Last week I had the opportunity to attend the 1st Transylvanian Deep Learning Summer School (TMLSS). It took place in Cluj, Romania and its main focus was Deep Learning and Reinforcement Learning. Here is the link to website that includes the programme and the full list of lecturers. (link)
The aim of the organizers was
"to popularize topics around machine learning and artificial intelligence more broadly in Europe and specifically in Eastern Europe, and to encourage research in these fields."
I found this objective to be a great idea and I firmly believe that initiatives such as this help the research community grow and expand with people from diverse backgrounds.
Speaking of diversity the majority of the lecturers came originally from Eastern European countries. The student mix was 56% from Eastern Europe, 36% Western Europe and US and 8% from the rest of world. In total 30 different countries were represented including far way places such as Philippines, Brazil and Iran. From a gender perspective 43% of the students were women, which is also an impressive ratio.
Since this was my first summer school I have no point of reference to compare it with, but I found it to be a great experience. Looking at the programme one can see that it was intense, with plenty of lectures and labs, as well as social gatherings and opportunities to meet and greet with other students and teachers.
I was immensely impressed by how humble and approachable all the lecturers were. In a full week of interacting with all these accomplished scientists I never heard one of them bragging about their accomplishments or the field in general. It shows that people at the forefront of DL & RL research do not necessarily embrace the hype around it. This was also reflected in the classroom, where part of the discussion was the current open research problems and the limitations of what we know and can do.

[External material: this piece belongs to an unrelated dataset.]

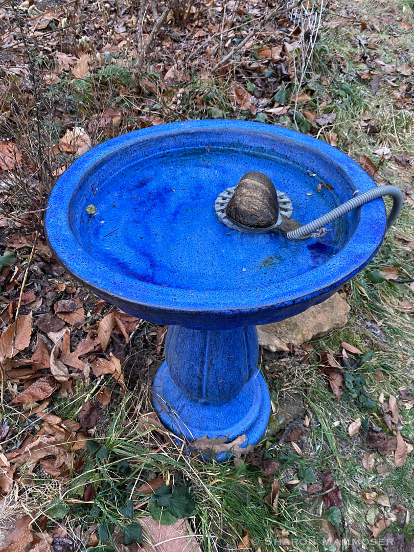 Like every animal on the planet, birds require water, even in the winter. If you have food but no water, the birds will have to go elsewhere for water and might not spend time in your yard. Offer water in a variety of ways– shallow bird baths, deeper baths, spray fountains, etc. In winter it’s possible to offer water even though it’s often below 32 degrees– just invest in a bird bath warmer. This is a device you can place in a deeper bird bath and it prevents the water from freezing. You can find them at specialty bird feeding stores like Wild Birds Unlimited or online–most cost less than $50. (Check out some birds using my homemade water fountain!  Directions for making this here.)

When it comes to the content itself, it was a mix of introductory and more advanced lectures and labs in Mathematics of Deep Learning, Convolutional Neural Networks, Recurrent Neural Networks, Unsupervised Learning and Reinforcement Learning. As expected, some classes were easier to follow than others, but I believe that there is always an opportunity to learn something at any circumstance. I also viewed the past week as a way to gauge my own level of knowledge in certain subjects and even more importantly I viewed it as an opportunity to get a peek in new areas that serve as a potential source of new research directions. One of the topics that I found extremely interesting and potentially applicable to Network Security was the Graph Neural Networks, which funnily enough was the last lecture of the school. So, in a way they saved the best for last as far as I'm concerned.
After a full immersion for a week, I feel inspired not just by the knowledge I acquired, but also by the interaction with all these interesting people -teachers and fellow students alike- and the exposure on different ways of thinking about DL and RL research.
Last but not least I have to say that the organization before, during and after the school was impeccable. A lot of effort was put from a good number of people and that was evident in the fact that there were virtually no problems or at least no problems that we, as participants, observed.
Thank you for taking such a good care of us and making this a wonderful experience!